一方、ポリカーボネート樹脂組成物の衝撃強度を改善する手段として、種々のエラストマーを配合することが多数提案されているが、光拡散性を損なうことなく衝撃強度を向上させるには如何なる耐衝撃改良材が適しているかは不明である。衝撃強度を向上させる手段の1つとして、特許文献4にはポリカーボネート樹脂に、ビーズ状多層構造重合体、すなわち、芳香族ビニル単量体によって形成されたコア層、アルキル基の炭素数が2〜8であるアルキルアクリレート単量体から形成されたゴム状重合体からなる中間層、及び芳香族ビニル単量体にて形成された最外層を有するビーズ状多層構造重合体の配合が提案されている。しかしながら、特許文献4には光拡散性に関する記載は全く無く、また、ポリカーボネート樹脂に上記ビーズ状多層構造重合体を配合しただけでは、充分な光拡散性は得られず、光拡散性と耐衝撃性の両特性を兼備する材料を得ることは困難であった。
【0004】
【特許文献1】特開平03−143950号公報
【特許文献2】特開平09−003310号公報
【特許文献3】特開平11−060966号公報
【特許文献4】特許第2998310号公報
【発明の開示】
【発明が解決しようとする課題】
【0005】
本発明は、上記した従来技術の課題を解決するためになされたものであり、優れた光透過性、光拡散性、衝撃強度を兼ね備えた光拡散性樹脂組成物、及び該樹脂組成物からなる光拡散成形品を提供することを目的とする。
【課題を解決するための手段】
【0006】
本発明者らは上記の課題を解決すべく、芳香族ポリカーボネートに種々のエラストマーとビーズ状架橋アクリル樹脂を組み合わせて配合する研究を行った。
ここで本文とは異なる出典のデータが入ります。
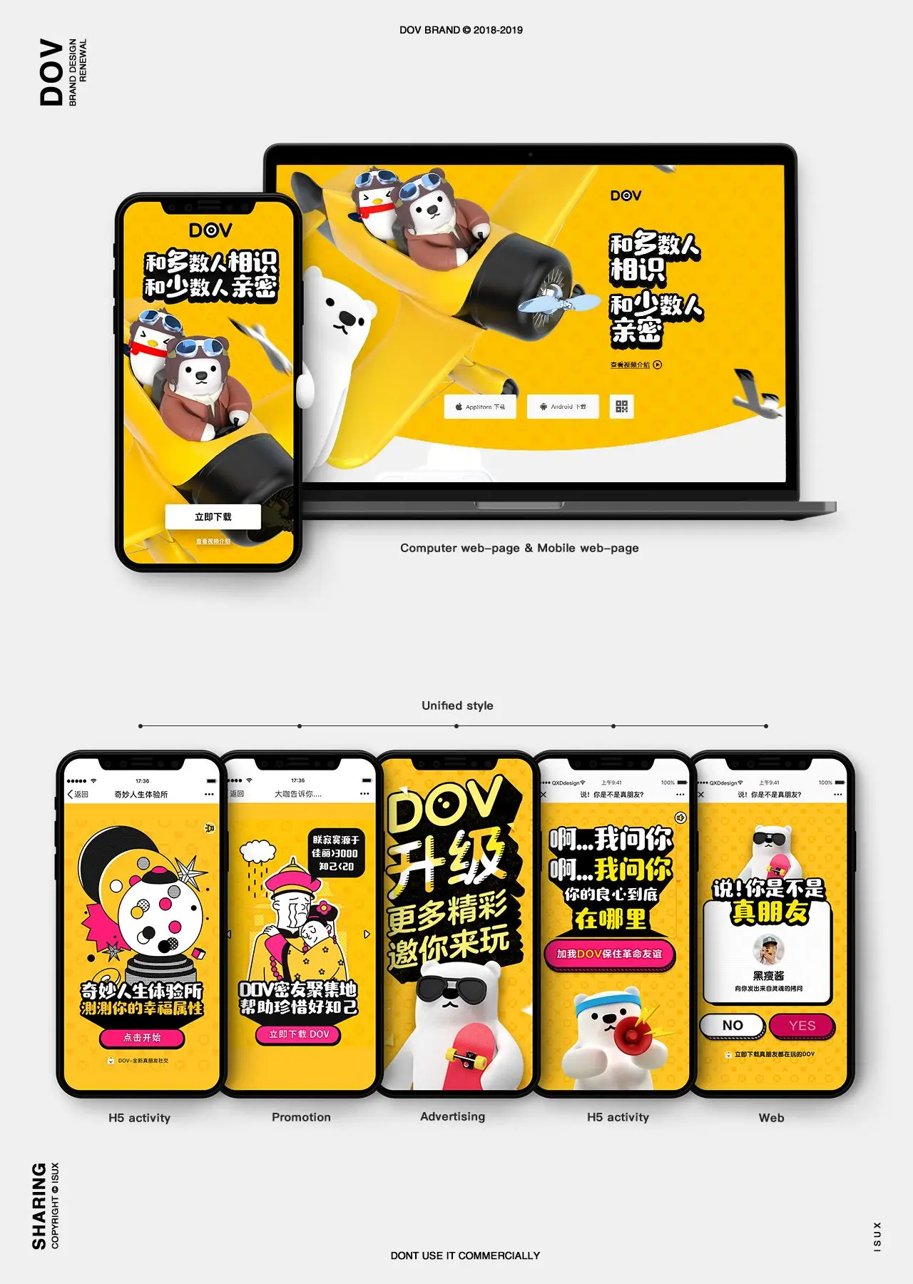 品牌化设计在过去往往发力于Logo、吉祥物、以及部分线下场景的组合运用,这类组合体现品牌传播效果上稍嫌不足,但若能全盘铺陈线上落地的场景,严格把控设计方向,不仅可以设计在多人协作的情况下轻松的把控一致调性,更可以让软件本身以及运营项目持续的强化用户记忆与设计的效率。 DOV上线后经历了两次大改版以及精简视觉设计师的投入下仍保持同样的气质以及配合产品高效的产出,证明了方法的可行也保证了后续设计体验的一致。让用户从应用中各个场景体验到品牌精神,可能将会是品牌化设计的重要趋势。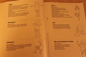 Auf insgesamt 140 Seiten wird eine große Bandbreite an Übungen und Spielen zum Abschalten, Entspannen und Regenerieren präsentiert. Die Yoga-ABC-Kartei (siehe Bild unten) beinhaltet alle vorgestellten Übungen, die meisten davon sind nach Tieren benannt oder stammen aus der unmittelbaren Lebenswelt der Kinder. So können sie sich die Namen viel besser merken und haben einen direkten Bezug dazu. Der Affengruß erinnert sehr stark an das Trommeln eines Gorillas auf die Brust, der Fisch auf einer Flosse ist ebenfalls leicht zu merken, genauso wie die aufblühende Lotusblume.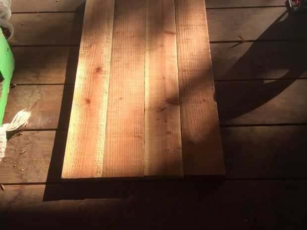 Empezar haciendo la mesa superior colocando juntos lo cuatro 60 cm X 8 cm X 1 cm paralelas entre sí.
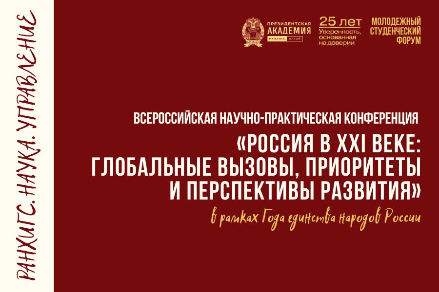 Мероприятие состоится 14-15 апреля на базе Алтайского филиала Президентской академии. Для участия необходимо подать заявку и тезисы на научно-образовательном портале «Ломоносов» до 1 апреля. Рабочие языки конференции: русский, английский.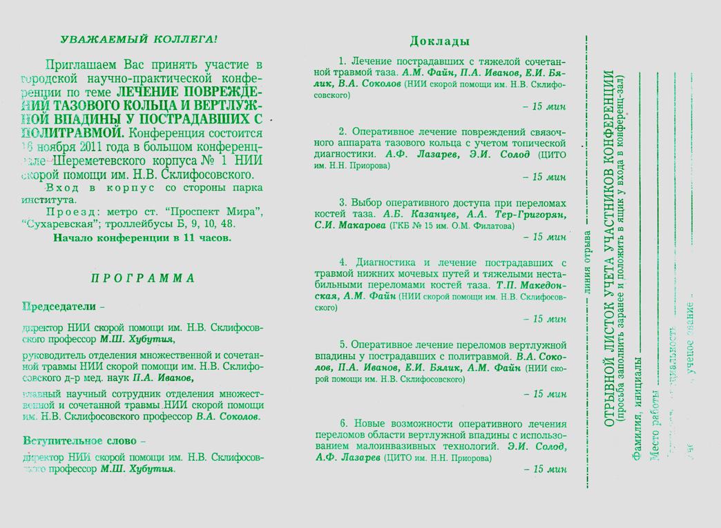 [Ortho] Программа конференции НИИ СП Склифосовского

その結果、芳香族ポリカーボネート樹脂にビーズ状架橋アクリル樹脂とエラストマーとして特定の多層構造重合体を特定量配合した樹脂組成物は、優れた光透過率、光拡散性及び衝撃強度を兼ね備えていることを見出し、本発明を完成するに至った。すなわち、本発明の要旨は、芳香族ポリカーボネート樹脂(A)100重量部、ビーズ状架橋アクリル樹脂(B)1〜15重量部、並びに、芳香族ビニル単量体にて形成されたコア層、ゴム状重合体からなる中間層、及び芳香族ビニル単量体にて形成された重合体からなる最外層を有する多層構造重合体(C)1〜5重量部を含有してなる光拡散性ポリカーボネート樹脂組成物及びかかる組成物からなる成形品に存する。
【発明の効果】
【0007】
本発明の光拡散性ポリカーボネート樹脂組成物及び光拡散成形品は、高い光透過性、光拡散性及び衝撃強度を兼備しているので、射出成形品、ブロー成形品、押出成形品、ツインウォール成形品、3層以上のウォールを有する成形品として照明カバー、照明看板、透過形のスクリーン、各種ディスプレイ、液晶表示装置の光拡散シート等の用途に好適である。
【発明を実施するための最良の形態】
【0008】
以下、本発明を詳細に説明する。本発明で用いる芳香族ポリカーボネート樹脂(A)は、特に限定されるものではなく、芳香族ジヒドロキシ化合物とホスゲンを反応させる界面重合法、或いは芳香族ジヒドロキシ化合物と炭酸ジエステルとのエステル交換反応による溶融法で製造される分岐していてもよい熱可塑性芳香族ポリカーボネート樹脂が挙げられる。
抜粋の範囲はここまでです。